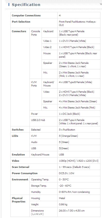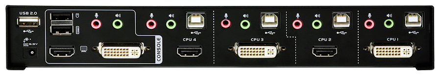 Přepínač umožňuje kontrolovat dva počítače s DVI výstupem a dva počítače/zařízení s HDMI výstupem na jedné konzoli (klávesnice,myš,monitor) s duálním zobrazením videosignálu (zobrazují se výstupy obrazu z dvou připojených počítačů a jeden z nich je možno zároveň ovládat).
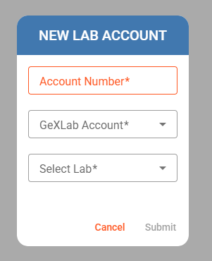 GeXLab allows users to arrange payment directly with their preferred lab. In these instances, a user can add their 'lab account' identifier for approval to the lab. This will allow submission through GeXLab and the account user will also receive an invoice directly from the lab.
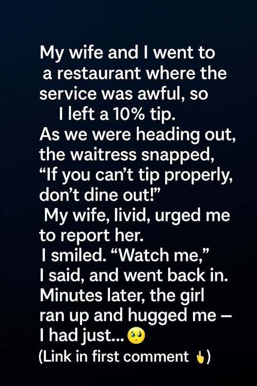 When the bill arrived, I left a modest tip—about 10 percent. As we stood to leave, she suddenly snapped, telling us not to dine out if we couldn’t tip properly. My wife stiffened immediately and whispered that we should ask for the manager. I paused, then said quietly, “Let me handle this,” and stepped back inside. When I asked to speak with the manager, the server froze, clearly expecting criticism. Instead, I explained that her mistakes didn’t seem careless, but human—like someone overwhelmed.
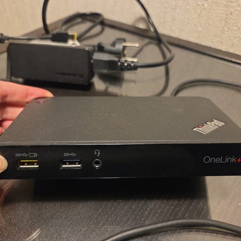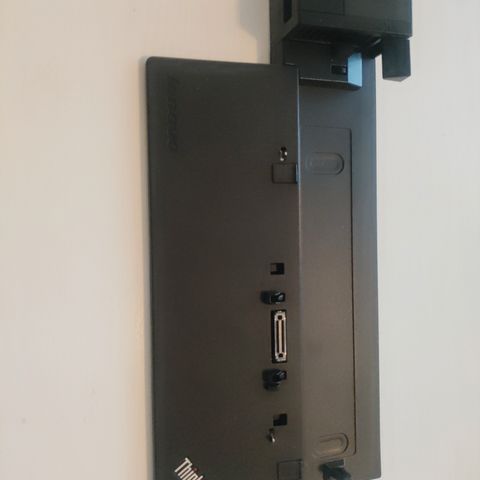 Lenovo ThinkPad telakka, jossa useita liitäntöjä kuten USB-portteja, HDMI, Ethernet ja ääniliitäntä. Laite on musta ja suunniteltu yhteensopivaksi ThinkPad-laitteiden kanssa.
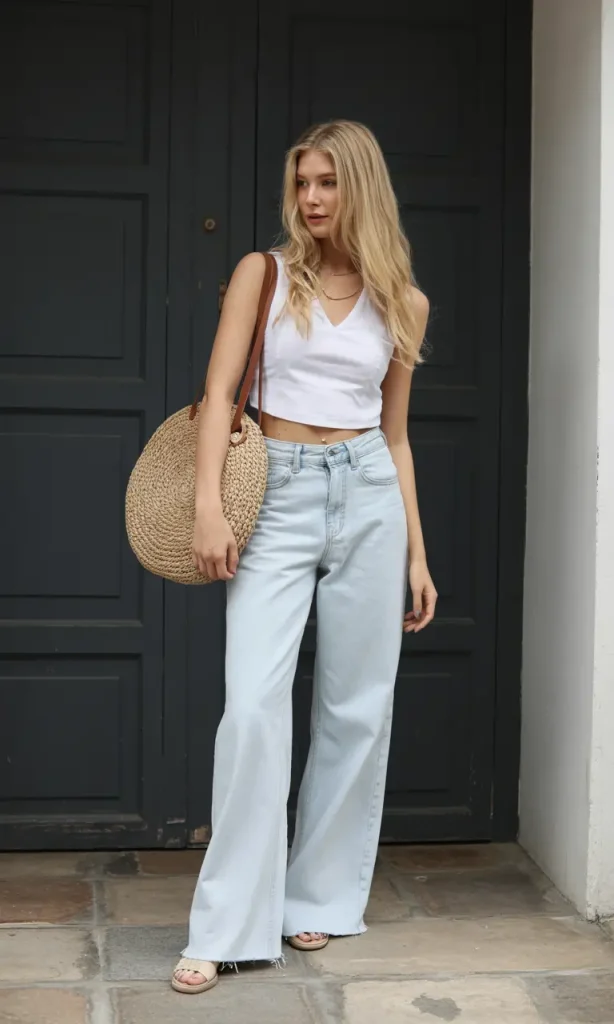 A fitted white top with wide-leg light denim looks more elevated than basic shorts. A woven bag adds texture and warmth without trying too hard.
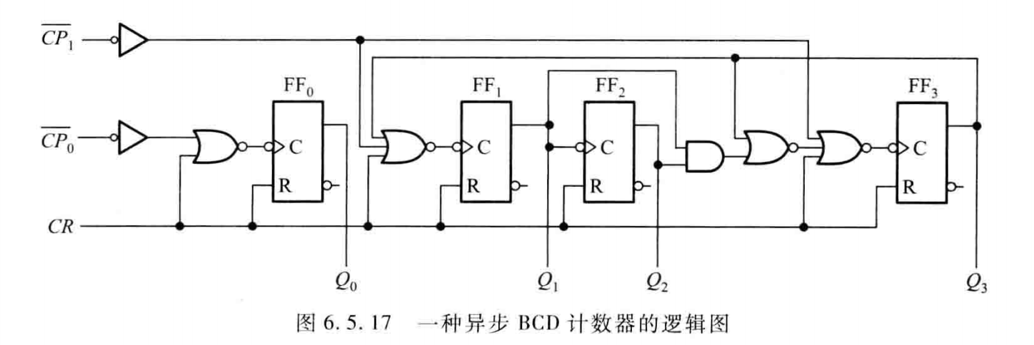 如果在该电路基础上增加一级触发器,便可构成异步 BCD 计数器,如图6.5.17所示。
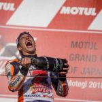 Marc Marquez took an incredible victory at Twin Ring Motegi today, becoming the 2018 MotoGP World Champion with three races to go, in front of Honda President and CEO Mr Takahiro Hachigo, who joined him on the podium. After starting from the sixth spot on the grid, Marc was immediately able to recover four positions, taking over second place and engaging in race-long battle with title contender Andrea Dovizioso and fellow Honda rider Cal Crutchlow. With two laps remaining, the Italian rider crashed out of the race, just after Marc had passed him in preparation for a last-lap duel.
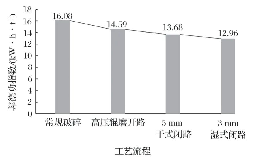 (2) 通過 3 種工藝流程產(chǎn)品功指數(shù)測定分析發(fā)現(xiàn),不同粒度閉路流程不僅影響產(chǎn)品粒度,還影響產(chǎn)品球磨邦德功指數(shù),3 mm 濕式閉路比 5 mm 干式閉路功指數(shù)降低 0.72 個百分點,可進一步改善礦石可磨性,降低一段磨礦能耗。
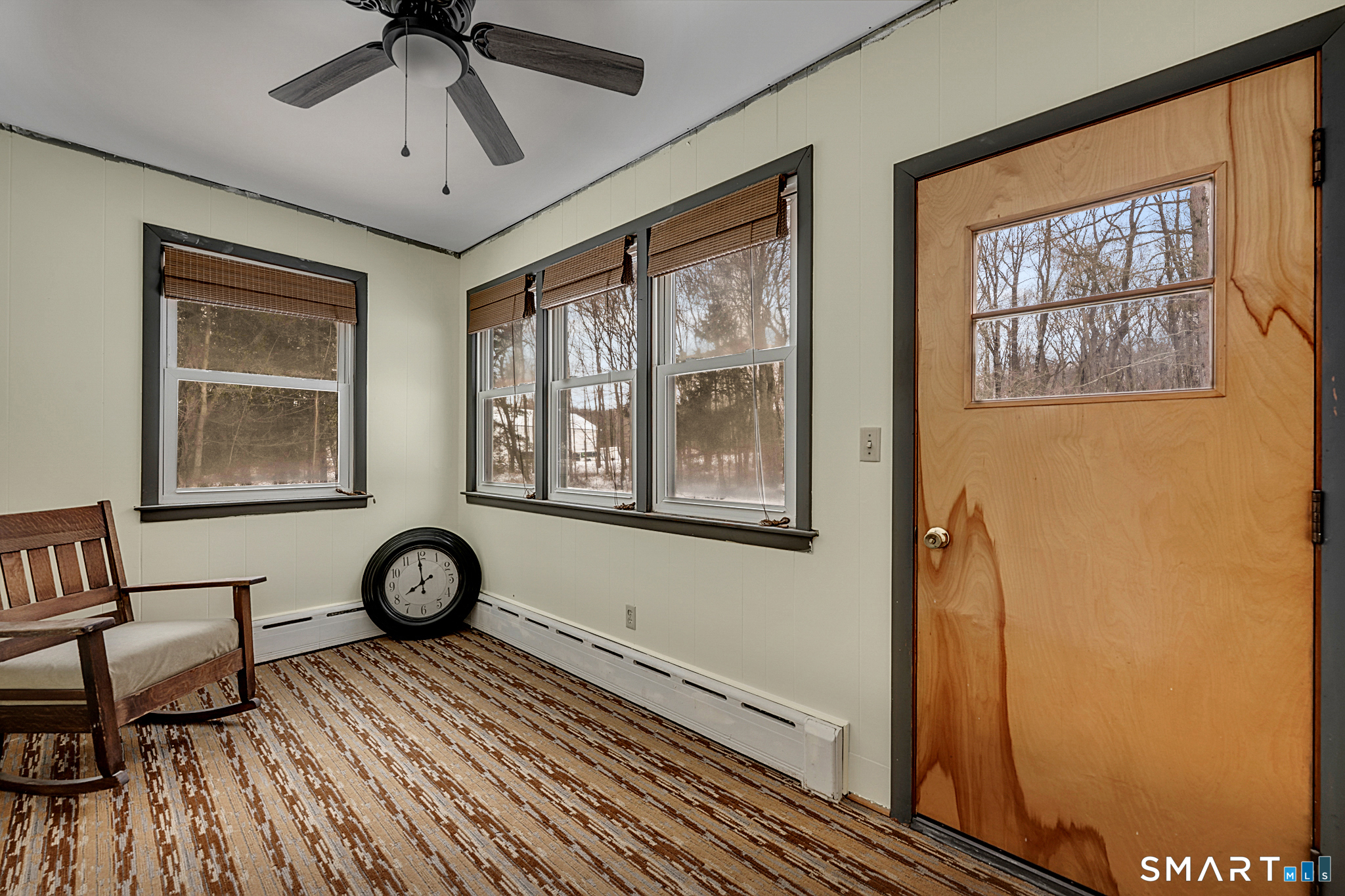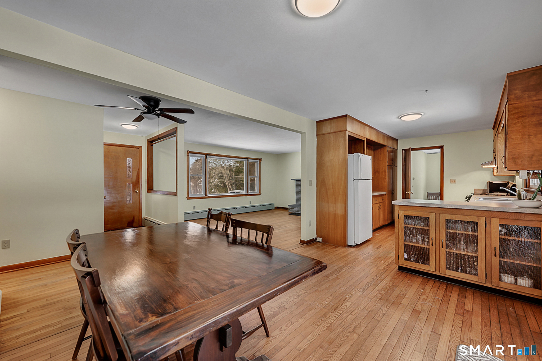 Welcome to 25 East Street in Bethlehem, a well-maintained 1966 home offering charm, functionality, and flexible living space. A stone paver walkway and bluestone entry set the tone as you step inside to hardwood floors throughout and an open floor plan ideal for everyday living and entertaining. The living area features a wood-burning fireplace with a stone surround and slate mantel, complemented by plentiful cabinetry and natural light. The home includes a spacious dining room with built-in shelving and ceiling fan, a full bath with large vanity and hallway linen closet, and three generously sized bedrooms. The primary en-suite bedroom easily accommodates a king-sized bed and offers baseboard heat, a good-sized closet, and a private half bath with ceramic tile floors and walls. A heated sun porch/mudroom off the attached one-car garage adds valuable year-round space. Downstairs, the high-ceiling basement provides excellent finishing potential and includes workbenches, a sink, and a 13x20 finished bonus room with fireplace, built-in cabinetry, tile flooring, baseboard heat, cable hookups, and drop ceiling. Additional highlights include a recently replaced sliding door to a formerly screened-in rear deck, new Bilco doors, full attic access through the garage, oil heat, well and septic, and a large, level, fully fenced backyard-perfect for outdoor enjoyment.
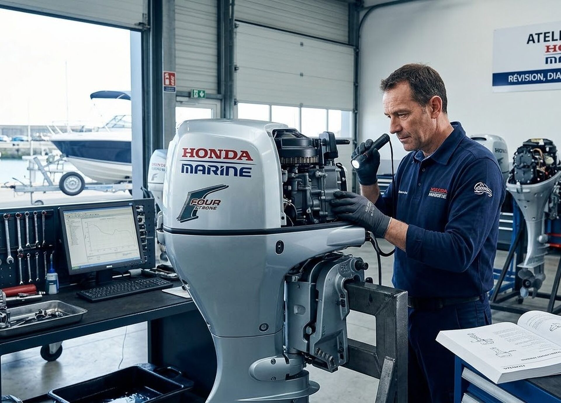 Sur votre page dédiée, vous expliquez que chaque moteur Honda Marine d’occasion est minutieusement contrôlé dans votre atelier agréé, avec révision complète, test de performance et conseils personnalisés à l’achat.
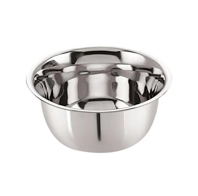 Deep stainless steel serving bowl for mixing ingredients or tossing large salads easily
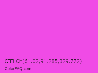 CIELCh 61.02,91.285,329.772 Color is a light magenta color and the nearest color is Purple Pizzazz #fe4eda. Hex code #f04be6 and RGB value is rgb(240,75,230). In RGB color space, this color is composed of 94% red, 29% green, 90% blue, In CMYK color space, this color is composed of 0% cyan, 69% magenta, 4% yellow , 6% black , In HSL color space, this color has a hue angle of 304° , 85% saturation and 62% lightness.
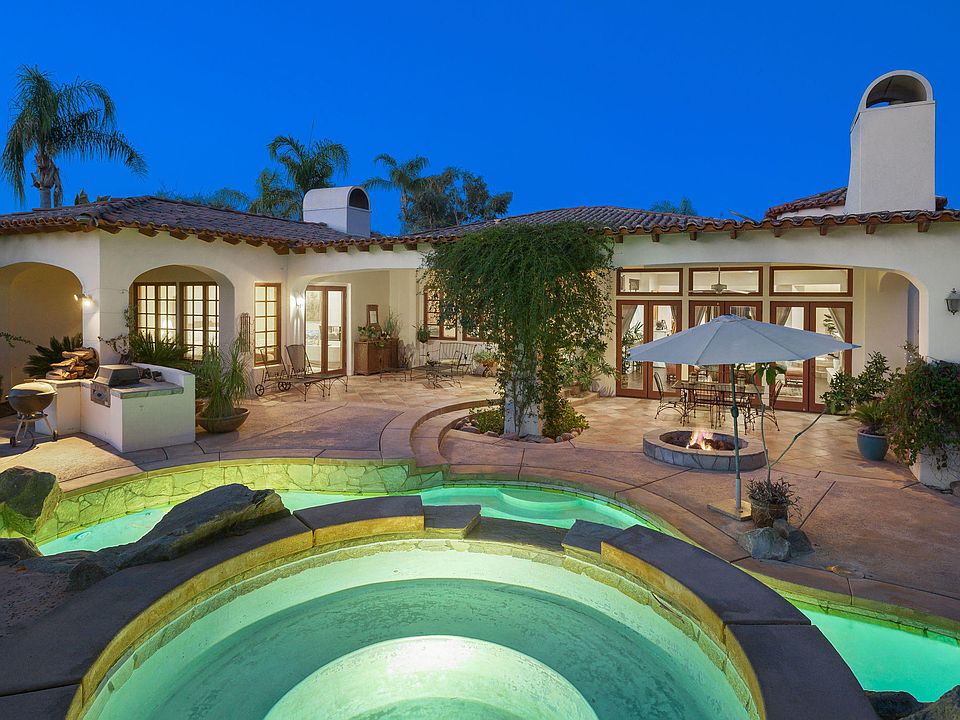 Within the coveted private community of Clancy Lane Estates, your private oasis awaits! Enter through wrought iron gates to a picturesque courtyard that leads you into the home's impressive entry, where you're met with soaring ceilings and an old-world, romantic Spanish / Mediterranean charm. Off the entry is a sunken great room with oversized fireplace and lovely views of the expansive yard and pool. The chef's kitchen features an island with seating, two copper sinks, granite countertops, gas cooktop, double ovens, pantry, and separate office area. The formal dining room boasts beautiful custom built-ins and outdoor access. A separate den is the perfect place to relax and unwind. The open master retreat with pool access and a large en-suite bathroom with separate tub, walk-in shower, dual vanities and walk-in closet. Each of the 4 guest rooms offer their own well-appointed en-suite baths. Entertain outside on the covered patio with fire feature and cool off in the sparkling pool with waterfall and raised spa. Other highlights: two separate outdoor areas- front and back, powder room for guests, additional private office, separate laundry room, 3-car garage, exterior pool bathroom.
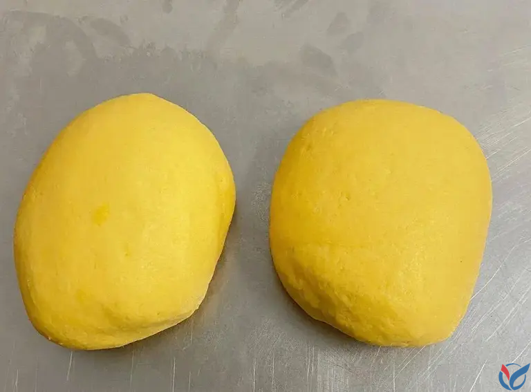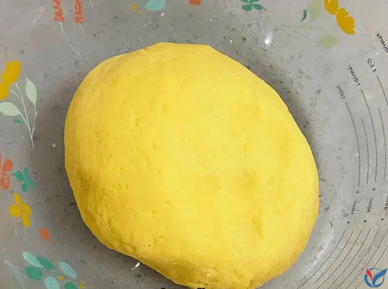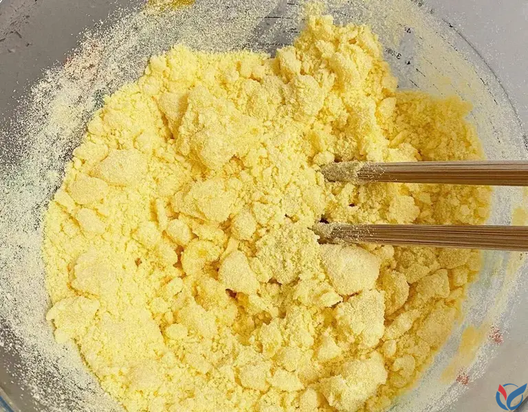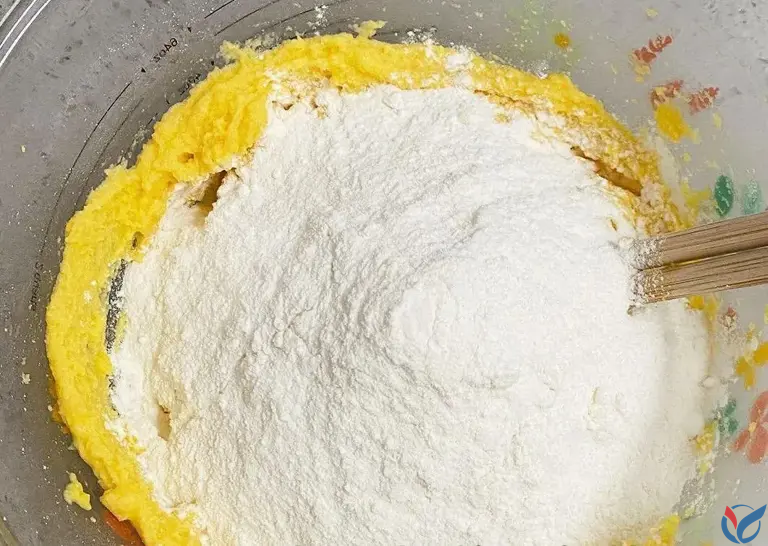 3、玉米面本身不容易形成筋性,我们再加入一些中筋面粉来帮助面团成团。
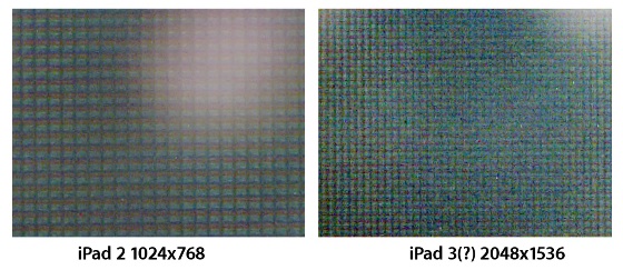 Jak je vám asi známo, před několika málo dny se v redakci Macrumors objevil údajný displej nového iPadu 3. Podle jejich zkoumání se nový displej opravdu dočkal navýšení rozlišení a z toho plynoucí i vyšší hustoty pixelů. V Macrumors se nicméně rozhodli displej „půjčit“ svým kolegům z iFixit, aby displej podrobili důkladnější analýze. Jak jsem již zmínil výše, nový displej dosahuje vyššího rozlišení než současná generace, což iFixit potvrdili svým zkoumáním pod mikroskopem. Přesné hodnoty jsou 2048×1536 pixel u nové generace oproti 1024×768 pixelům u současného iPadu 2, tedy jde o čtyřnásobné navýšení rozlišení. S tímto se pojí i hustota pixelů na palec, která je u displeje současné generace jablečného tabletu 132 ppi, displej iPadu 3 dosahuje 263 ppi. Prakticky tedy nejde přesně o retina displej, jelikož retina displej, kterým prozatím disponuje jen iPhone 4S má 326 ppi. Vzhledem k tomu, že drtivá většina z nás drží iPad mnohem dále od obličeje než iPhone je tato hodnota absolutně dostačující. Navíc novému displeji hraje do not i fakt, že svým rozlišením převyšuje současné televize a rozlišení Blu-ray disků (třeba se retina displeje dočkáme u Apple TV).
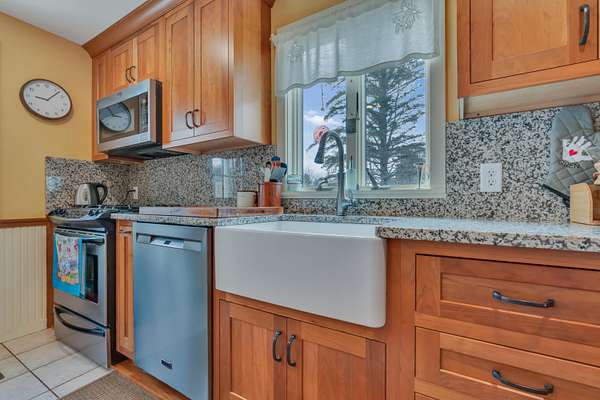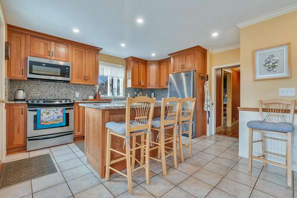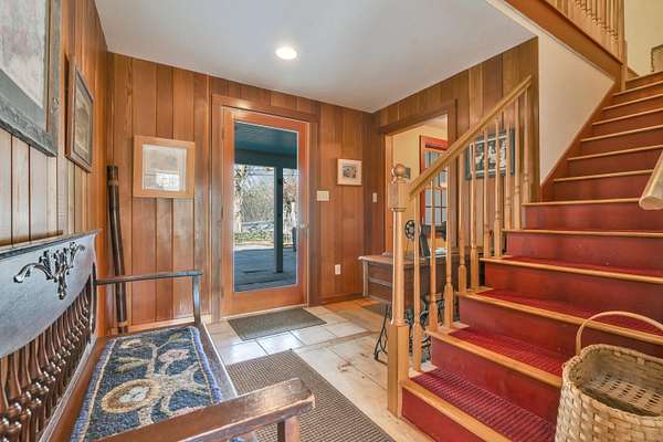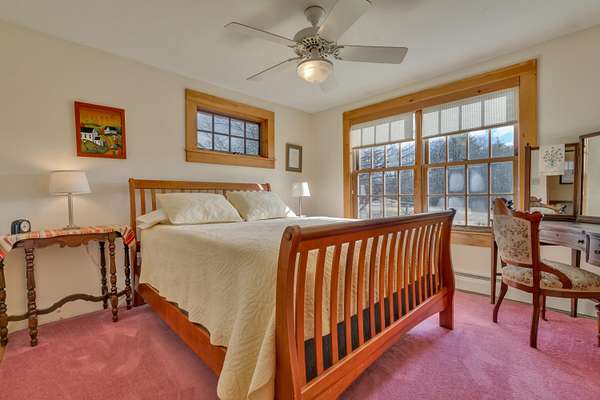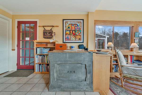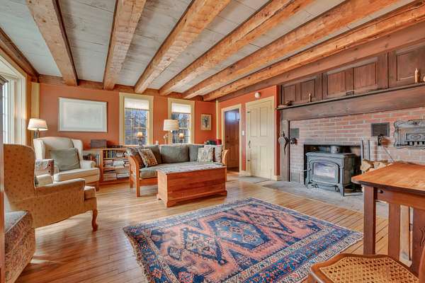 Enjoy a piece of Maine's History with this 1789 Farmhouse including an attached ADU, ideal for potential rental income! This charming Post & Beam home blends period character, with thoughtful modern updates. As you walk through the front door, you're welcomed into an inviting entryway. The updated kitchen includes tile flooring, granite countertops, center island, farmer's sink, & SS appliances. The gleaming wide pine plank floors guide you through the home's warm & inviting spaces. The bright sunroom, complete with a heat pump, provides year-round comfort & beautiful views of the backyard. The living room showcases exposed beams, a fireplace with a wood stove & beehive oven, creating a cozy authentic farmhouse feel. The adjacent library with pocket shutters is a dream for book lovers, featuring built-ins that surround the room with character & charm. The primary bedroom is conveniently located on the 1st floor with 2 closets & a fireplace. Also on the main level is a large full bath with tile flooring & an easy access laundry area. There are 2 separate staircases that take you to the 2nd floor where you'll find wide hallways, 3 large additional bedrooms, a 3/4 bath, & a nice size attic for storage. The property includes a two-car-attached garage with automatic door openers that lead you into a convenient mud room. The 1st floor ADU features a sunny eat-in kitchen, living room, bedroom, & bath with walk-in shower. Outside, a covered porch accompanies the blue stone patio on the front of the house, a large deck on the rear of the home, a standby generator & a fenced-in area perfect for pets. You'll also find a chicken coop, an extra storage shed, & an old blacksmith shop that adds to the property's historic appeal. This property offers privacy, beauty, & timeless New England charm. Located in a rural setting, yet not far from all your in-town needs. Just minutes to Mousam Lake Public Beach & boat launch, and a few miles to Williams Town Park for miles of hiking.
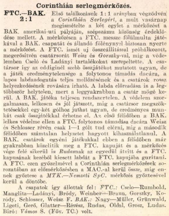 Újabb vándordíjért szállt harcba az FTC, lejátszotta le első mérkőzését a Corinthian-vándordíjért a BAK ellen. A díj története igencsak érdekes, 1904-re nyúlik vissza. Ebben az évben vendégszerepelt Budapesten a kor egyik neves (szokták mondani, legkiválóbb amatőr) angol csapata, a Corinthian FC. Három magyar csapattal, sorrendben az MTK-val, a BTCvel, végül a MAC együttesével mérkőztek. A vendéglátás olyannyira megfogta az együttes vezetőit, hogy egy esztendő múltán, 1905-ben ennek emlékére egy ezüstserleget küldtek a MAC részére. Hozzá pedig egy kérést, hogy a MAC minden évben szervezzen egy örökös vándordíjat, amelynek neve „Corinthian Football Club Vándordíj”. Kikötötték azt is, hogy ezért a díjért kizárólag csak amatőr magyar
####################
- _Activity_: In the records above, everything from the line with "Lenovo ThinkPad telakka, jossa" down to the line with "干式閉路功指數(shù)降低 0.72 個百分點,可進一步改善礦石可磨性,降低一段磨礦能耗。" is to be set down exactly, both ends included, with no pictures and no other lines.

- _Exercise result_:
 Lenovo ThinkPad telakka, jossa useita liitäntöjä kuten USB-portteja, HDMI, Ethernet ja ääniliitäntä. Laite on musta ja suunniteltu yhteensopivaksi ThinkPad-laitteiden kanssa.
 A fitted white top with wide-leg light denim looks more elevated than basic shorts. A woven bag adds texture and warmth without trying too hard.
 如果在该电路基础上增加一级触发器,便可构成异步 BCD 计数器,如图6.5.17所示。
 Marc Marquez took an incredible victory at Twin Ring Motegi today, becoming the 2018 MotoGP World Champion with three races to go, in front of Honda President and CEO Mr Takahiro Hachigo, who joined him on the podium. After starting from the sixth spot on the grid, Marc was immediately able to recover four positions, taking over second place and engaging in race-long battle with title contender Andrea Dovizioso and fellow Honda rider Cal Crutchlow. With two laps remaining, the Italian rider crashed out of the race, just after Marc had passed him in preparation for a last-lap duel.
 (2) 通過 3 種工藝流程產(chǎn)品功指數(shù)測定分析發(fā)現(xiàn),不同粒度閉路流程不僅影響產(chǎn)品粒度,還影響產(chǎn)品球磨邦德功指數(shù),3 mm 濕式閉路比 5 mm 干式閉路功指數(shù)降低 0.72 個百分點,可進一步改善礦石可磨性,降低一段磨礦能耗。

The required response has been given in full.